A fuwuyuan. One she had never seen before.
"You are"-the woman glanced down at a paper she was holding, struggled to pronounce-"Aliss-Manwa-gen-"
"Alice Mannegan?" Her heart sank. "Yes."
The fuwuyuan thrust the folded paper at her. "Dianbao." Telegram.
Alice tore it open. It was from Roger.
Tests back. Prostate cancer. Advanced. Sorry. Advise your travel plans ASAP.
Alice stared at the paper.
"Huidian-ma?" the fuwuyuan said impatiently, Will you reply?
Alice swallowed. The floor was opening up under her. "Not right now. I have to think."
The young woman’s bean-shaped Tartar face was empty. "When you want to reply, contact the cable office. In the bank." Then she turned, closed the door, and was gone.
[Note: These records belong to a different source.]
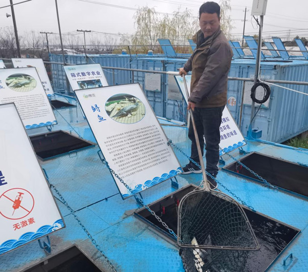 在良莊農(nóng)業(yè)科技園里,一排排藍色集裝箱,以及寫著“養(yǎng)殖箱體全程模擬自然生態(tài)環(huán)境,還您江湖魚的味道”等字樣的標(biāo)牌,別有一番趣味。記者了解到,這里是一個智慧漁場,裝滿水的集裝箱則是鱘魚、鱸魚、鯽魚等的“家園”,打開一個集裝箱的頂部,三五成群的魚兒在約15平方米的水里游來游去。
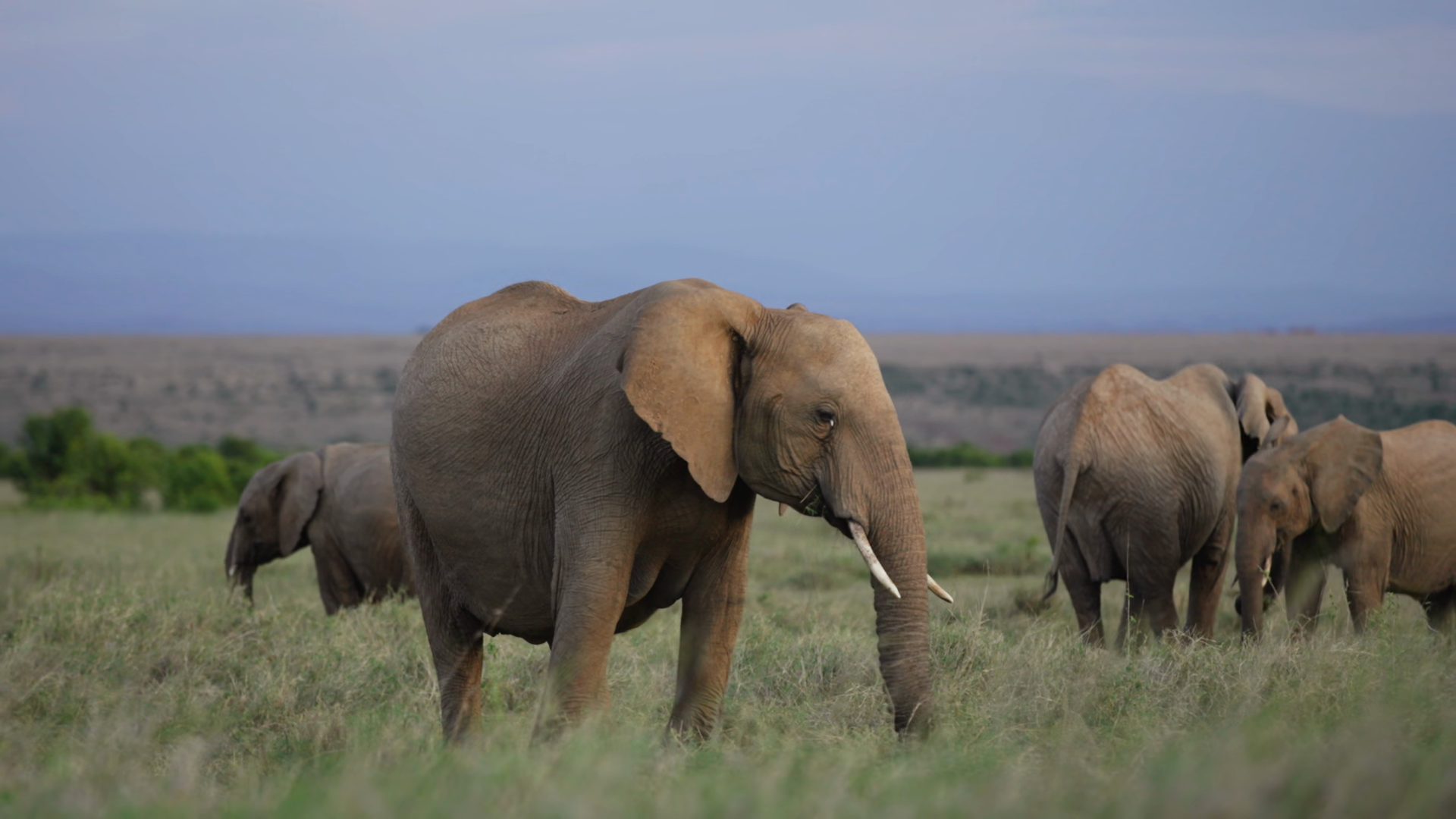 Wide Gimbal Parallax Of African Bush Elephants Loxodonta Africana Grazing On Tall Green Grass At Daybreak In KenyaÂ
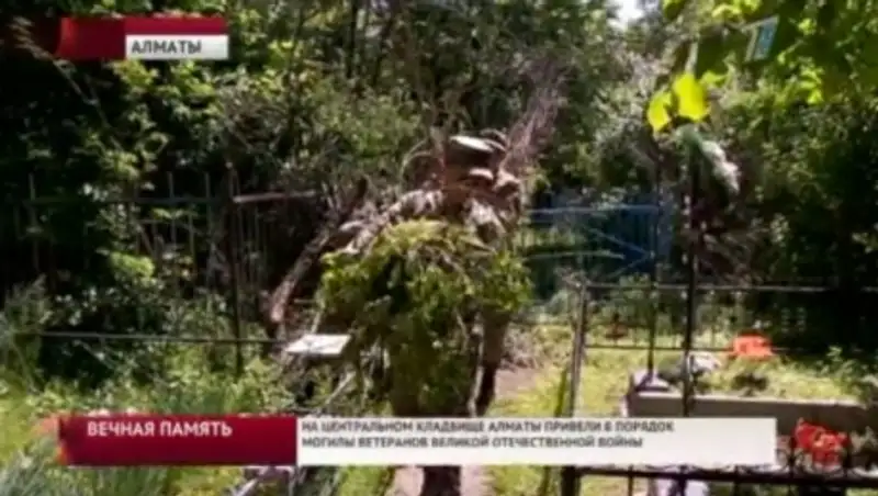 На центральном кладбище Алматы привели в порядок могилы ветеранов ВОВ
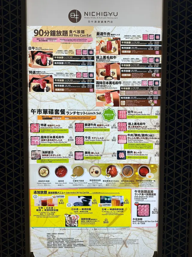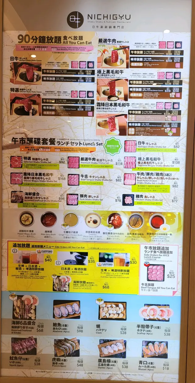 日本霜降黑毛和牛 / 自助區任食 / 乳酪雪糕 / 海鮮盛合 / 壽喜燒湯底
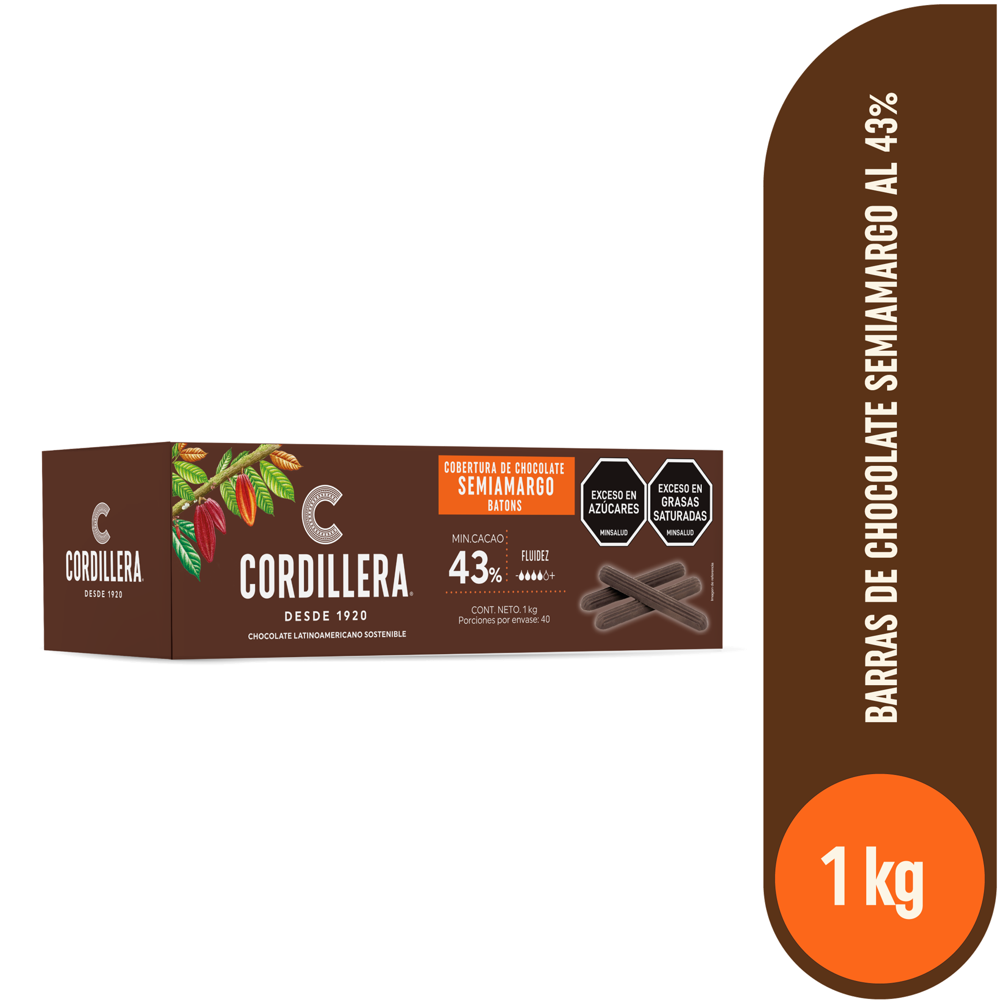 Cordillera Barra De Chocolate Semiamargo 43% caja x 1 kg
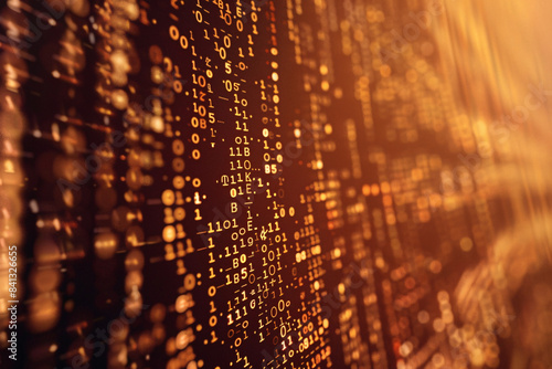 Abstract orange digital data stream with binary code and bokeh effect in the background

Alice read the telegram over and over, as if maybe the horror would change into something else. It didn’t. It still read death. Shaking, she opened the drawer, pulled the ling-pai out from under the clothes. She read the inscription through again. How could it be real? First Meng Shaowen. Now Horace.
The door clicked open and Lin Shiyang walked in. "Lin." She stepped toward him, still clutching the ling-pai and the telegram. "I need to talk to you. I’m going to be leaving, as soon as possible-"
"That doesn’t surprise me," he interrupted coldly. He shut the door behind him, leaned against it. She saw his eyes were dark, furious. "But first I need to know if it’s true."
"If what is true?"
"What Guo Wenxiang has just told me! I met him in the courtyard outside. We talked. Is it true, then?"
"You mean Zhang Meiyan? How can I be the one to say? Listen, my heart-"
"You call me your heart! Is that just honey in your mouth? I am not talking about Zhang Meiyan! I am talking about you -Mo Ai-li! I am talking about your secrets. Well! Is it true?"